◆ Problem statement
Please keep to the lines below from the one with "次に、エンジンルーム内のエア" through the one with "국가 예방접종 지원 대상은", and restate them word for word, ends included.

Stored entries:
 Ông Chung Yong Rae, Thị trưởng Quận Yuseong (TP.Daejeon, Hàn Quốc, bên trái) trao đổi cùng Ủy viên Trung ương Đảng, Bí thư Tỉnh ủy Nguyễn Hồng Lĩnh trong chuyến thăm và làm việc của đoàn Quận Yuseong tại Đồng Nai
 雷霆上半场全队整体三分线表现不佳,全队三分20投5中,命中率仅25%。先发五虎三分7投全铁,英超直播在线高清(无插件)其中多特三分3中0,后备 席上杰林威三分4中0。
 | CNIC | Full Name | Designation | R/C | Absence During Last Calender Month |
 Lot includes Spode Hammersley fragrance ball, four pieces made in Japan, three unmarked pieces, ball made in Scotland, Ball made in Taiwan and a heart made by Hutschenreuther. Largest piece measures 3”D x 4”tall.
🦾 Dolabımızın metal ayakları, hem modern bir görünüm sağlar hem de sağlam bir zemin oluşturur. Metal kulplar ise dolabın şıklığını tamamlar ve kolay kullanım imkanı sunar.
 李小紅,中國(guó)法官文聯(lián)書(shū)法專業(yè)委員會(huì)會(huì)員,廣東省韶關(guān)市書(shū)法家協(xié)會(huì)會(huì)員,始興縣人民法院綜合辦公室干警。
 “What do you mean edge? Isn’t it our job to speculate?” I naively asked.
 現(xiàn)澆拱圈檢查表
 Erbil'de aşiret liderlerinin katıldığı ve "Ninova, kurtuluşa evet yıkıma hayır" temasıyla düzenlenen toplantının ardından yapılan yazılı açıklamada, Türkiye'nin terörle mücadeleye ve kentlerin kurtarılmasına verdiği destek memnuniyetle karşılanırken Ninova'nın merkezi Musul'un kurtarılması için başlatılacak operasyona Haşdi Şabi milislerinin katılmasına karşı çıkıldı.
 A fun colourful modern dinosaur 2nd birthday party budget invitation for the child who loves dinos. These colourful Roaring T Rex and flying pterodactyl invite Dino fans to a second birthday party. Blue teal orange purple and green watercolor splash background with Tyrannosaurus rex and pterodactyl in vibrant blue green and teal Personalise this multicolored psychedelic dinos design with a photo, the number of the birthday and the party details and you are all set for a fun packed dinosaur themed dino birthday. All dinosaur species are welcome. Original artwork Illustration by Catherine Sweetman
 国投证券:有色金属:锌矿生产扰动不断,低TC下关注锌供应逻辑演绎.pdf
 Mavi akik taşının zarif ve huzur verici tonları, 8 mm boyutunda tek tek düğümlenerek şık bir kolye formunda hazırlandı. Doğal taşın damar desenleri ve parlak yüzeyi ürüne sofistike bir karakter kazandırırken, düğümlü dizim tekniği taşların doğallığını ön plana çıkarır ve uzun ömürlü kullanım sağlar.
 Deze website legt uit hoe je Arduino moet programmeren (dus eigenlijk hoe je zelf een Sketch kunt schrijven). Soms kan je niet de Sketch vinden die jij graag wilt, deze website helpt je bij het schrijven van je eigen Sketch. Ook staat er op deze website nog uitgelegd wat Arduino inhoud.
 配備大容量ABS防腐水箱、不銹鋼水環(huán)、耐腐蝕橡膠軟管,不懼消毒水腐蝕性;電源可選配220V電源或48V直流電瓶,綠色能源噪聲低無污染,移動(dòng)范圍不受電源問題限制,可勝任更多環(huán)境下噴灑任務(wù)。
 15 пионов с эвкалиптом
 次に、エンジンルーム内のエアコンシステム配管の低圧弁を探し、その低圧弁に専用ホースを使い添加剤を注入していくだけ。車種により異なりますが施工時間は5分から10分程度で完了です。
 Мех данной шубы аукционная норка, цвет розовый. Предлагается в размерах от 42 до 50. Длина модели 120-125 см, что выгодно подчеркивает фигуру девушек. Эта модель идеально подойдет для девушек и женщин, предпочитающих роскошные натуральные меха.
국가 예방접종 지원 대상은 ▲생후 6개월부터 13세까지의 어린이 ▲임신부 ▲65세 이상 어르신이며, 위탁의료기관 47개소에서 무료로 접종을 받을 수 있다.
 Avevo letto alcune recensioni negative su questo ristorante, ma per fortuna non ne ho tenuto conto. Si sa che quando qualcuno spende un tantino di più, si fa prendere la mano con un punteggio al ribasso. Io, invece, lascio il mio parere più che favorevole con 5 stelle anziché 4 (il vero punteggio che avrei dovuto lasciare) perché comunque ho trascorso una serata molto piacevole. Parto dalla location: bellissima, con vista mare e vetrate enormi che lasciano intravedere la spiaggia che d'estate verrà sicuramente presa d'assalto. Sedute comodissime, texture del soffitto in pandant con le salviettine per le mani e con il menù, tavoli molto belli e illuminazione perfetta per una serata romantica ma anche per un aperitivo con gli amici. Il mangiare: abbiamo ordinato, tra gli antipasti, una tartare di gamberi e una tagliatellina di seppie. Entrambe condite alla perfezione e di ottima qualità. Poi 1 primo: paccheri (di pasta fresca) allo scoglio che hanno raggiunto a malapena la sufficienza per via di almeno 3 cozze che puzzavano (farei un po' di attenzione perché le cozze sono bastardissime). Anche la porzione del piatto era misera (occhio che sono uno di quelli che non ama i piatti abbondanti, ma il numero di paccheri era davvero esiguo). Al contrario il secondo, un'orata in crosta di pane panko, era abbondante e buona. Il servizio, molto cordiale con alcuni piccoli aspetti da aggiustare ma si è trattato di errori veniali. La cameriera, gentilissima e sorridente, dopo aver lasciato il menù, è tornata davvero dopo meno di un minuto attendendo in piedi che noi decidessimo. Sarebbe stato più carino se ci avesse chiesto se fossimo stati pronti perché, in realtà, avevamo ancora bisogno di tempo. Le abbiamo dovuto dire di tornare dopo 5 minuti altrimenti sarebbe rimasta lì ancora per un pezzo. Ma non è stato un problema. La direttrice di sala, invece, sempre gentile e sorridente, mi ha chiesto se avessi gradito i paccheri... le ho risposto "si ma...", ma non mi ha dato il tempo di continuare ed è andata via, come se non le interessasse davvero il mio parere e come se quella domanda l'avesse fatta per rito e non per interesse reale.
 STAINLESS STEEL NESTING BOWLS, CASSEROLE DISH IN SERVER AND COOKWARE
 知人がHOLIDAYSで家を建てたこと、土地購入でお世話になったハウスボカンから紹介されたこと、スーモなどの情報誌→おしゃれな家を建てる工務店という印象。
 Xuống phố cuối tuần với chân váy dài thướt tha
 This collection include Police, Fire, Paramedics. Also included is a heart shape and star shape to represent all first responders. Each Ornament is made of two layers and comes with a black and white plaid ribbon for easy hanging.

◆ Answer to this exercise
 次に、エンジンルーム内のエアコンシステム配管の低圧弁を探し、その低圧弁に専用ホースを使い添加剤を注入していくだけ。車種により異なりますが施工時間は5分から10分程度で完了です。
 Мех данной шубы аукционная норка, цвет розовый. Предлагается в размерах от 42 до 50. Длина модели 120-125 см, что выгодно подчеркивает фигуру девушек. Эта модель идеально подойдет для девушек и женщин, предпочитающих роскошные натуральные меха.
국가 예방접종 지원 대상은 ▲생후 6개월부터 13세까지의 어린이 ▲임신부 ▲65세 이상 어르신이며, 위탁의료기관 47개소에서 무료로 접종을 받을 수 있다.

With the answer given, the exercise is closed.